====== Supplied information ======

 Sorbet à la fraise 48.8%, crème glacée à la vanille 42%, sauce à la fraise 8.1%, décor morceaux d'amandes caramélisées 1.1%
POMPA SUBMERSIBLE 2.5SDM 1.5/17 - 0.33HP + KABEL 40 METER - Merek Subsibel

======
====== Supplied information ======

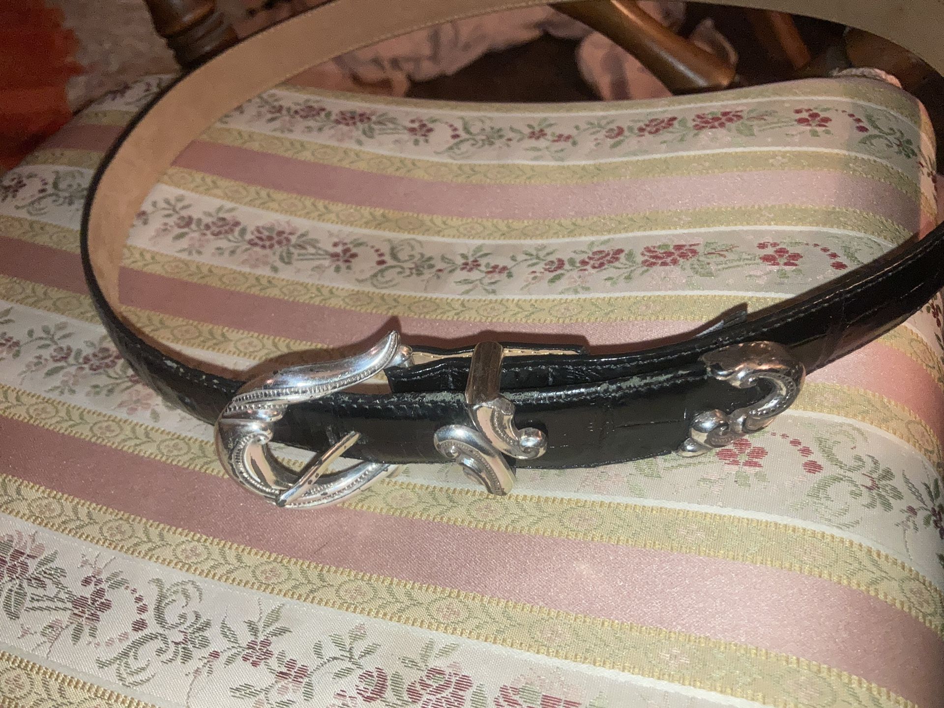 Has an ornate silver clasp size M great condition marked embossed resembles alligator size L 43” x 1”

======
====== Supplied information ======

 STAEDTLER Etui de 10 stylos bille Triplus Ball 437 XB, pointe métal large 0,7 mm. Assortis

======

Which lines above run from the one containing "Sorbet à la" to the one containing "POMPA SUBMERSIBLE 2.5SDM"? Give them again exactly, both ends included.

 Sorbet à la fraise 48.8%, crème glacée à la vanille 42%, sauce à la fraise 8.1%, décor morceaux d'amandes caramélisées 1.1%
POMPA SUBMERSIBLE 2.5SDM 1.5/17 - 0.33HP + KABEL 40 METER - Merek Subsibel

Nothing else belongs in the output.